Korean Patriotism and Iconic Korean Items

There are many things that define Korea as a nation.  Korea is considered to be one of the most patriotic countries in the world. The success of the Korean nation is based on the hard work of the Korean people because of the love for their country. Their patriotism is thought to stem from the quick development of the economy in recent decades, the ancient culture that is based on the ideals of Confucianism and the relative isolation of Korea from the rest of the world, compared to the nearby nations of Japan and China.

The Korean flag, which is also known as Taegeukgi, represents peace, light, creation, unification and eternity. It was created in 1882 and is a great source of pride to the Korean people. 

Iconic Korean items can be found at many of the traditional markets in Korea but they might go unnoticed by you while walking through the market or if you go into a Korean home that has these items. Asking about these items may prove difficult if you speak limited Korean. Many of these items are part of Korean traditions that have been present in Korea for hundreds of years. 

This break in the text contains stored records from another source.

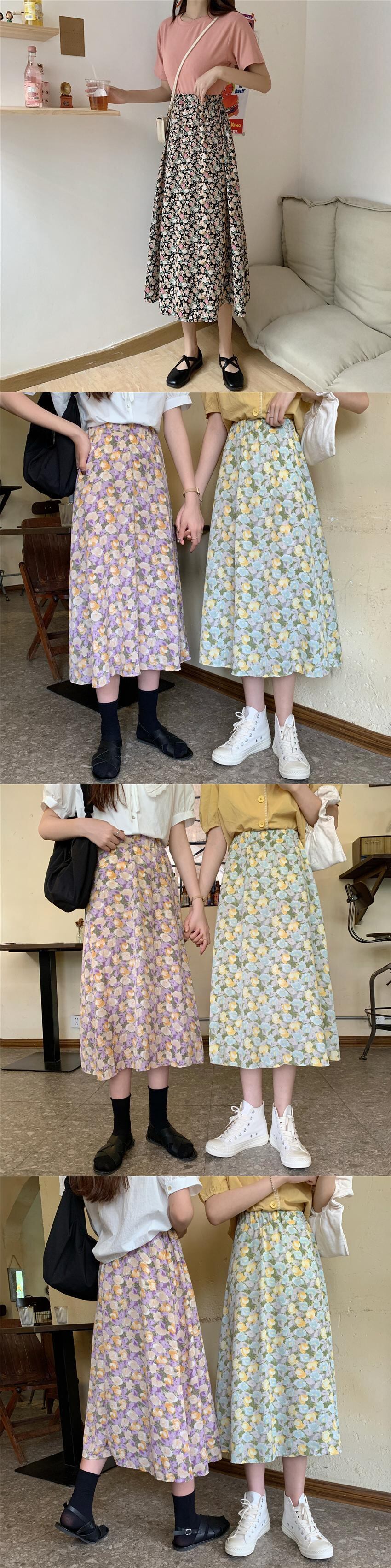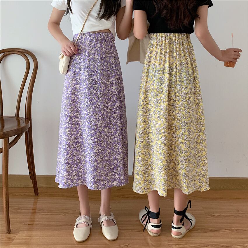 ハーフレングススカート女性2020年夏新しいレトロルーズワイルドハイウエストスリミングフレンズフローラルミドル丈スカートトレンド 1号婦人82273924293
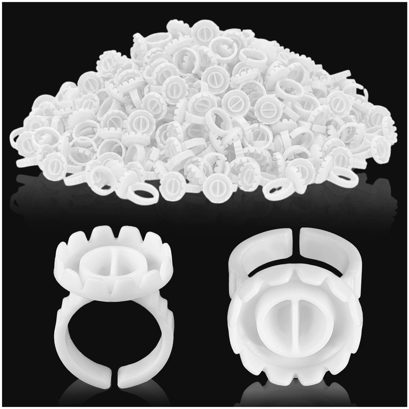 300PCS Glue Rings for Eyelash Extension,Lovely Heart Shape Rings for Lashes,Disposable Lash Glue Holder for Lash Extension Makeup Plastic Nail Supplies (White-r, Round - shaped)
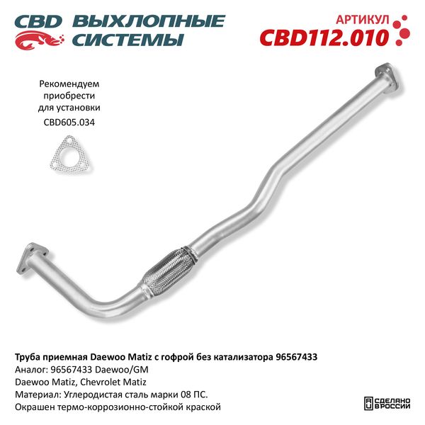 CBD112.010 CBD Труба приемная глушителя CHEVROLET Spark (98-05) CBD
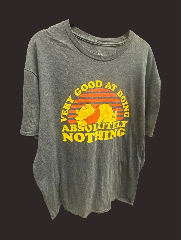 This Disney T-shirt, featuring a humorous Winnie the Pooh graphic, is crafted from a cotton-polyeste... Show more
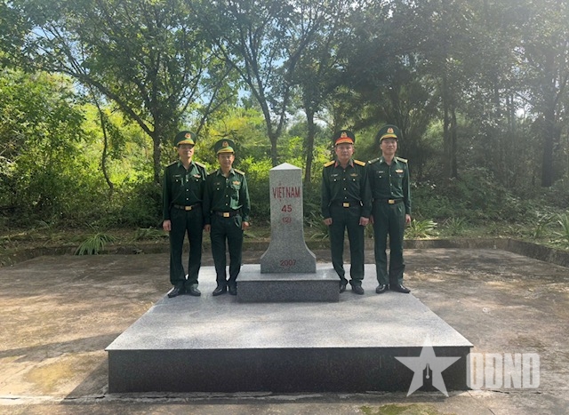 Thủ trưởng Bộ CHQS tỉnh Đắk Lắk kiểm tra cột mốc biên giới.

The Korean war between what is now known as North and South Korea was an on-flow from the second World War. It was based on the competing ideologies of communism and capitalism. Before the Korean War the Korean peninsula was controlled by China for thousands of years and after that it was subject to Japanese imperialism. Following this, South Korea was controlled by America, and this only ended in 1963.

The Korean War (1950-53) decimated both North and South Korea. After the Korean war, South Korea was a third world country. The traumatic events forged Korea as a nation and Koreans’ undying love for their country is one of the reasons it was able to become a first world nation with a powerhouse economy. South Korea received foreign aid after the Korean war and now they are one of the countries that provides it. South Korea’s rapid economic advancement has been called the “Miracle on the Han River.”

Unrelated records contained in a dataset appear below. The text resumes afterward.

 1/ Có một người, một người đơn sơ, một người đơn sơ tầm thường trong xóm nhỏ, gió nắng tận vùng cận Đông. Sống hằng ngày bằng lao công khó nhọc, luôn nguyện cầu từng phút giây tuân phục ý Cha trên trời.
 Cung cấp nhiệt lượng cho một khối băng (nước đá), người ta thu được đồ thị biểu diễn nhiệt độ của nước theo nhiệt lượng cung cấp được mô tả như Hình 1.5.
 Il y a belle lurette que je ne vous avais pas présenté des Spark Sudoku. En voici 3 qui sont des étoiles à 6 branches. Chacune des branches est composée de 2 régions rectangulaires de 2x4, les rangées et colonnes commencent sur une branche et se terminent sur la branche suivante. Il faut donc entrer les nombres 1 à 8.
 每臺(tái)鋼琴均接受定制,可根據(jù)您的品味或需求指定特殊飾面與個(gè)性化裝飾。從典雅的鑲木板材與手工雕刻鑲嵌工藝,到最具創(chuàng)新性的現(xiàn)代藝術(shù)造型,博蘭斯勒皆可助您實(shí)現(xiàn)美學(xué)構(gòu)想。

However, during the Asian financial crisis South Korea was on the verge of bankruptcy. Many countries in the area were affected, including Thailand, Malaysia and Singapore. Banks began to fail, hundreds of thousands of people lost their job and nearly $18 million was taken from the country by foreign investors. South Korea was forced to take a $58 billion loan from the International Monetary Fund (IMF). In order to pay this back, South Korea launched a campaign to raise funds. Koreans were estimated to have approximately $20 billion in gold as part of their family collections. Almost 3.5 million Koreans lined up at the collection points and gave their gold to the government in an astounding act of patriotism. The government gave the $2.2 billion worth of gold collected to the the IMF and the loan was paid back three years ahead of the due date.

The Korean Flag

Although the Korean flag has a simple design, the symbols have deep meanings. The most recognisable symbol is in the centre and is a variation of ‘yin’ and ‘yang’. The circle has been rotated 45 degrees and is red and blue rather than black and white. It is called 음양 in Korean. The blue represents the negative aspects of the universe while the red represents all of the positive aspects. The circle combines the symbiotic relationship of different concepts, such as heaven and hell, and good and evil. 

The white background of the flag is a representation of peace. In each of the four corners of the flag are sets of lines called trigrams. The trigrams each represent an element and the harmony between these. The top left trigram symbolises heaven, the bottom left symbolises fire, the top right symbolises water and the bottom right symbolises the earth. 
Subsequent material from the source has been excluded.